The Schober's test is a useful clinical measure of flexion of the lumbar spine performed during the physical examination.[29]

Treatment

There is no cure for AS,[30] but treatments and medications can reduce symptoms and pain.

Medication

The major types of medications used to treat ankylosing spondylitis are pain relievers and drugs that stop or slow the disease's progression. All of these have potentially serious side effects. Pain-relieving drugs come in two major classes:

  • The mainstay of therapy in all seronegative spondyloarthropathies are anti-inflammatory drugs, which include NSAIDs such as ibuprofen, phenylbutazone, diclofenac, indomethacin, naproxen and COX-2 inhibitors, which reduce inflammation and pain. 2012 research showed that those with AS and elevated levels of acute phase reactants seem to benefit most from continuous treatment with NSAIDs.[31]

Medications used to treat the progression of the disease include the following:

  • Disease-modifying antirheumatic drugs (DMARDs) such as sulfasalazine can be used in people with peripheral arthritis. For axial involvement, evidence does not support sulfasalazine.[32] Other DMARDS, such as methotrexate, did not have enough evidence to prove their effect. Generally, systemic corticosteroids were not used due to lack of evidence. Local injection with corticosteroid can be used for certain people with peripheral arthritis.[33][34]
  • Tumor necrosis factor-alpha (TNFα) blockers (antagonists), such as the biologics etanercept, infliximab, golimumab and adalimumab, have shown good short-term effectiveness in the form of profound and sustained reduction in all clinical and laboratory measures of disease activity.[35] Trials are ongoing to determine their long-term effectiveness and safety.[36] The major drawback is the cost. An alternative may be the newer, orally-administered non-biologic apremilast, which inhibits TNF-α secretion, but a recent study did not find the drug useful for ankylosing spondylitis.[37]
  • Anti-interleukin-6 inhibitors such as tocilizumab, currently approved for the treatment of rheumatoid arthritis,[38] and rituximab, a monoclonal antibody against CD20, are also undergoing trials.[39]
  • Interleukin-17A inhibitors secukinumab and ixekizumab are options for the treatment of active ankylosing spondylitis in patients that have responded inadequately to (TNFα) blockers.[40]
  • Janus kinase inhibitor tofacitinib is approved for the treatment of active ankylosing spondylitis in adult patients that show an inadequate response to prior DMARD therapy.

Surgery

In severe cases of AS, surgery can be an option in the form of joint replacements, particularly in the knees and hips. Surgical correction is also possible for those with severe flexion deformities (severe downward curvature) of the spine, particularly in the neck, although this procedure is considered very risky. In addition, AS can have some manifestations that make anesthesia more complex. Changes in the upper airway can lead to difficulties in intubating the airway, spinal and epidural anesthesia may be difficult owing to calcification of ligaments, and a small number of people have aortic insufficiency. The stiffness of the thoracic ribs results in ventilation being mainly diaphragm-driven, so there may also be a decrease in pulmonary function.

Physical therapy

Though physical therapy remedies have been scarcely documented, some therapeutic exercises are used to help manage lower back, neck, knee, and shoulder pain. There is moderate quality evidence that therapeutic exercise programs help reduce pain and improve function.[41] Therapeutic exercises include:[42][43]

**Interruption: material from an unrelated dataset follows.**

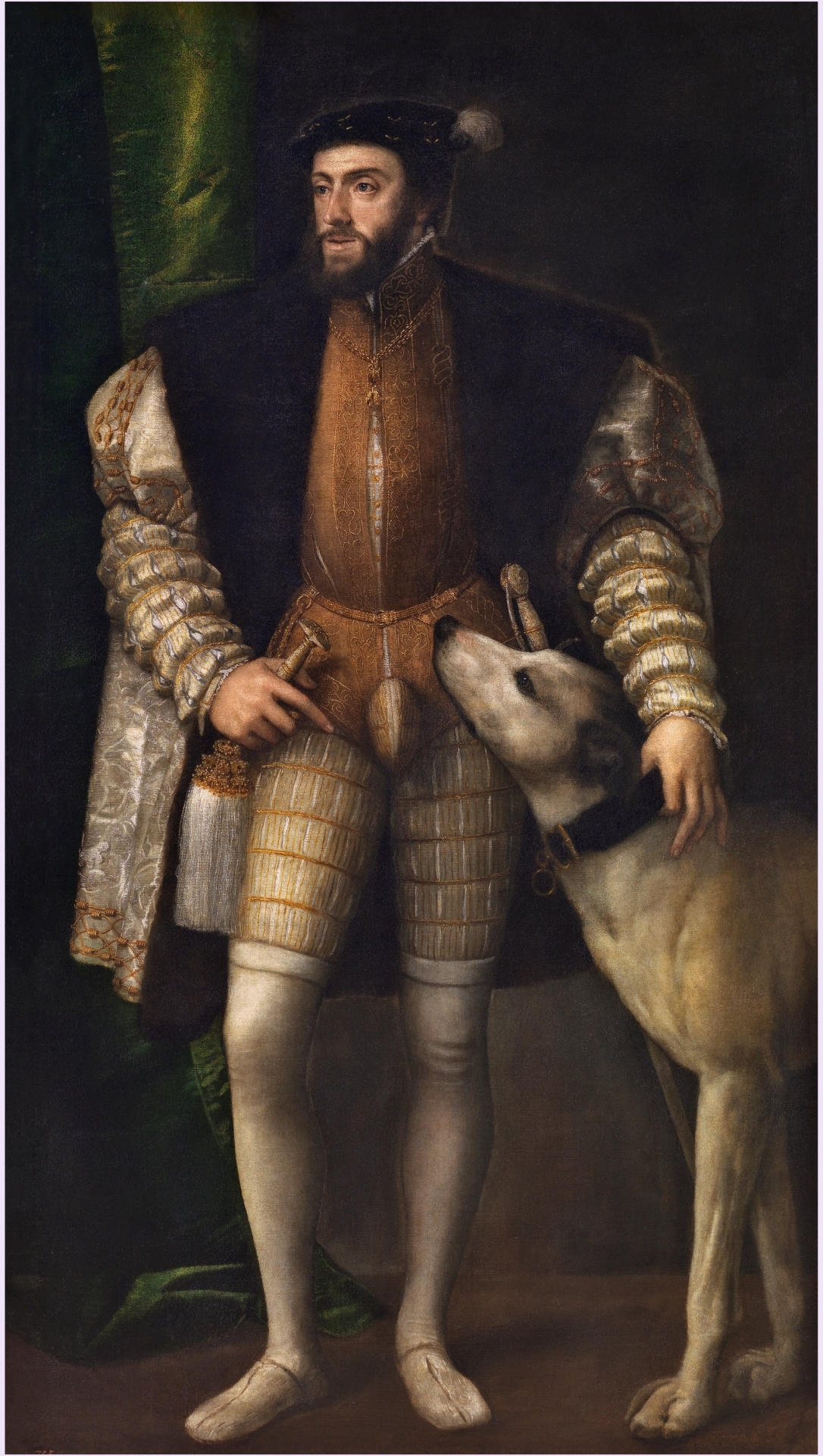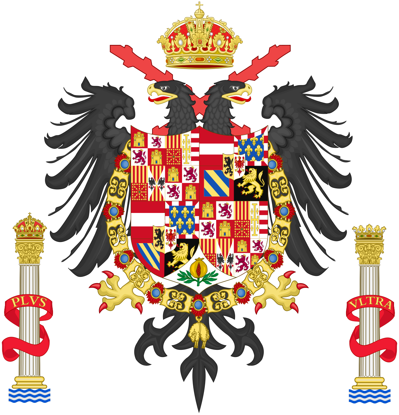 "Он сам называл себя сложно: «Избранный император христианского мира и Римский, присно Август, а также католический король Германии, Испаний и всех королевств, относящихся к нашим Кастильской и Арагонской коронам, а также Балеарских островов, Канарских островов и Индий, Антиподов Нового Света, суши в Море-Океане, Проливов Антарктического Полюса и многих других островов как крайнего Востока, так и Запада, и прочая; эрцгерцог Австрии, герцог Бургундии, Брабанта, Лимбурга, Люксембурга, Гельдерна и прочая; граф Фландрии, Артуа и Бургундии, пфальцграф Геннегау, Голландии, Зеландии, Намюра, Руссильона, Серданьи, Зютфена, маркграф Ористании и Готциании, государь Каталонии и многих других королевств в Европе, а также в Азии и Африке господин и прочая».Гербом Карла были геркулесовы столбы — путь Европы к заморским странам; девизом — plus ultra — «всё дальше»

  • Exercise programs, either at home or supervised
  • Low intensity aerobic exercise, e.g. Pilates
  • Spa-exercise therapy
  • Aquatic physical therapy[44]
  • Proprioceptive neuromuscular facilitation (PNF)
  • Heat therapy
  • Cryotherapy in conjunction with exercise[45]

Moderate-to-high impact exercises like jogging are generally not recommended or recommended with restrictions due to the jarring of affected vertebrae that can worsen pain and stiffness in some with AS.

Diet

Research by Alan Ebringer at King's College in London, beginning in the 1980s, implicates overgrowth of the bacterium Klebsiella pneumoniae in the symptoms of ankylosing spondylitis. The body produces antibodies that attack Klebsiella pneumoniae. Enzymes made by the bacterium resemble human proteins, including three types of collagen (I, III, IV) and the HLA-B27 complex of glycoproteins. The antibodies therefore attack these human proteins, producing the symptoms of ankylosing spondylitis. Ebringer and others recommend low-starch or no-starch diets.[46]

Prognosis

Fracture of the T5 and C7 vertebra due to trauma in a person with ankylosing spondylitis as seen on a CT scan

Prognosis is related to disease severity.[9] AS can range from mild to progressively debilitating and from medically controlled to refractory. Some cases may have times of active inflammation followed by times of remission resulting in minimal disability while others never have times of remission and have acute inflammation and pain, leading to significant disability.[9] As the disease progresses, it can cause the vertebrae and the lumbosacral joint to ossify, resulting in the fusion of the spine.[47] This places the spine in a vulnerable state because it becomes one bone, which causes it to lose its range of motion as well as putting it at risk for spinal fractures. This not only limits mobility but reduces the affected person's quality of life. Complete fusion of the spine can lead to a reduced range of motion and increased pain, as well as total joint destruction which could lead to a joint replacement.[48]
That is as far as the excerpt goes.